### TRY IT
Range to reproduce from the entries below: the line with "Cobalt blue glass", the line with "Natural Wood Beaded", and every line in between. Give them exactly and give nothing else.

──────────

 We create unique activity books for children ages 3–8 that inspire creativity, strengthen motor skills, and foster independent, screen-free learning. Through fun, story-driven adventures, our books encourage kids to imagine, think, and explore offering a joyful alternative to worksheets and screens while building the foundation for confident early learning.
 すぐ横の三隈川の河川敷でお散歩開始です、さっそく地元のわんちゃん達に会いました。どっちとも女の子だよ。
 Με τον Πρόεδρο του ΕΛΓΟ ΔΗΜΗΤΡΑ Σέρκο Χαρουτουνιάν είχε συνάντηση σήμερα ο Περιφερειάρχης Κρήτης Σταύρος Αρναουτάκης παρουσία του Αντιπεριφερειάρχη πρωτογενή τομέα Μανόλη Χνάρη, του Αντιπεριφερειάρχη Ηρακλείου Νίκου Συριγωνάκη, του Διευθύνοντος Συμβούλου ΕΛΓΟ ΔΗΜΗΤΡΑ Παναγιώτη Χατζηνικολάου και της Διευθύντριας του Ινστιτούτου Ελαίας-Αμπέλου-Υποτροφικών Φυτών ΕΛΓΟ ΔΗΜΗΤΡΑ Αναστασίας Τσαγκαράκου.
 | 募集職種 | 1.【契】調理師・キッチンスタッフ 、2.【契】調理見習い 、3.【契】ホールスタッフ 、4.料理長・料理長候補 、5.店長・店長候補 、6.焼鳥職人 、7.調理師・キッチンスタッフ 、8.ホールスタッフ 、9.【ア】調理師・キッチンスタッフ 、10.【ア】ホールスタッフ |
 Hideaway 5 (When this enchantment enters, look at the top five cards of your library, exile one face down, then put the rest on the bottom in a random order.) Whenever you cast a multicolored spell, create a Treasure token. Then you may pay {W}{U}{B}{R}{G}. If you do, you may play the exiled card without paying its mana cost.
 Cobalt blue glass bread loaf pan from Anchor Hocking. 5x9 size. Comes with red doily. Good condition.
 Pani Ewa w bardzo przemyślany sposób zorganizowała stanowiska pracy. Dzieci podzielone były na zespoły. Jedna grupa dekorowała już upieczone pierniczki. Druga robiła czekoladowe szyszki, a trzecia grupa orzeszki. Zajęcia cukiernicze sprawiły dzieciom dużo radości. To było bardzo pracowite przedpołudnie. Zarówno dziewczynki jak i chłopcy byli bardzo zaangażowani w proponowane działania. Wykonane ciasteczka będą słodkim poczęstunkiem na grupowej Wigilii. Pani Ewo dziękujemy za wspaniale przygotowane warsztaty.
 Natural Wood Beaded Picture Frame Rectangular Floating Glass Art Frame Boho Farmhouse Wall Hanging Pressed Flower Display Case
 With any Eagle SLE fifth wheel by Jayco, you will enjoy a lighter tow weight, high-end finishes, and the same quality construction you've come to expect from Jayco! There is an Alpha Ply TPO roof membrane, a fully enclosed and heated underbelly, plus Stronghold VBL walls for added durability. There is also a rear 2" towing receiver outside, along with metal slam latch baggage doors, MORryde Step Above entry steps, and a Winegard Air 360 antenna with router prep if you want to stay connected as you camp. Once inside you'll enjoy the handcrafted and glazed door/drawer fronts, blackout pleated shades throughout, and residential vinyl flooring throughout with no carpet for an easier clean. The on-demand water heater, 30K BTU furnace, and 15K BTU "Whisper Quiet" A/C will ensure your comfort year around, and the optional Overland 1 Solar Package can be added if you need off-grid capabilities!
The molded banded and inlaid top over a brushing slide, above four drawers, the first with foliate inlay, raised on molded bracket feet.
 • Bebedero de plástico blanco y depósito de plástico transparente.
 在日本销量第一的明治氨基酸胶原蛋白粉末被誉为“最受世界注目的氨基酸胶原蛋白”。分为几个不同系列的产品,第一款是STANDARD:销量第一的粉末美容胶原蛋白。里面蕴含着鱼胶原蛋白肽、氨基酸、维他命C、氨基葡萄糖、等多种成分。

──────────

### SOLUTION
 Cobalt blue glass bread loaf pan from Anchor Hocking. 5x9 size. Comes with red doily. Good condition.
 Pani Ewa w bardzo przemyślany sposób zorganizowała stanowiska pracy. Dzieci podzielone były na zespoły. Jedna grupa dekorowała już upieczone pierniczki. Druga robiła czekoladowe szyszki, a trzecia grupa orzeszki. Zajęcia cukiernicze sprawiły dzieciom dużo radości. To było bardzo pracowite przedpołudnie. Zarówno dziewczynki jak i chłopcy byli bardzo zaangażowani w proponowane działania. Wykonane ciasteczka będą słodkim poczęstunkiem na grupowej Wigilii. Pani Ewo dziękujemy za wspaniale przygotowane warsztaty.
 Natural Wood Beaded Picture Frame Rectangular Floating Glass Art Frame Boho Farmhouse Wall Hanging Pressed Flower Display Case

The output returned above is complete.